The Shooters’ Party has been holding the Government to ransom since introducing the bill in June and yesterday voted against the Government on all legislation in the upper house. Negotiations on the bill had broken down with the Premier’s chief of staff, Graeme Wedderburn – who Mr Brown described as ”tits on a bull” – but resumed in September, less than a week after John Robertson took over the environment portfolio. The Treasurer, Eric Roozendaal, one of Mr Robertson’s factional allies, took part in negotiations.
According to Mr Brown, the pair offered a memorandum of understanding that would allow hunting in national parks along the Queensland and South Australian borders. But he said the proposed parks were too far away.
”The closest one to Sydney was 10 hours’ drive,” he said. ”That [offer] was there to f— us, as far as I’m concerned.”
The Greens’ spokeswoman on animal welfare, Lee Rhiannon, said the deal was intended to allow free passage of Government legislation through the upper house but may cost Labor seats at the next election – including that of the former environment minister Carmel Tebbutt.
”We’re about to come into the busiest legislation time of the year. They’re going to have to pass 30 bills in a week,” she said. ”If they don’t have the Shooters’ on side, they’ll actually have to talk to other people. [But] as well as being ethically wrong and environmentally damaging, they will be inflicting enormous pain and damage to their own party … For Tebbutt and [Verity] Firth, they could well be putting an expiry date on their political careers.”
The acting executive officer of the National Parks Association of NSW, Bev Smiles, said her office had received an overwhelming amount of correspondence criticising the bill.

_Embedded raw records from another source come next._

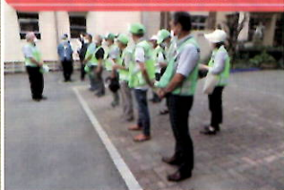
校区防犯協会との共同パトロール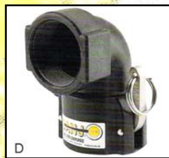
D Codo Acople Hembra - Rosca Hembra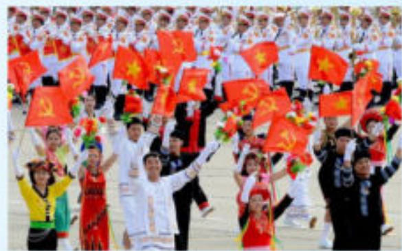
Hình 23d (vẫy bằng tay)

”We were hoping the Shooters were having some other face-saving deals with 12-year-olds and airguns,” Ms Smiles said, with reference to another bill the party is introducing.
”[But] with a new Minister for the Environment having an upper house position rather than an electorate, it’s all political. This particular deal has probably created more response from a broader cross-section of the community than any other issue I’ve been involved in.”
Neither Mr Robertson nor Ms Tebbutt would comment on the deal. Mr Brown said he would continue to frustrate government policy until his bill was passed in its entirety.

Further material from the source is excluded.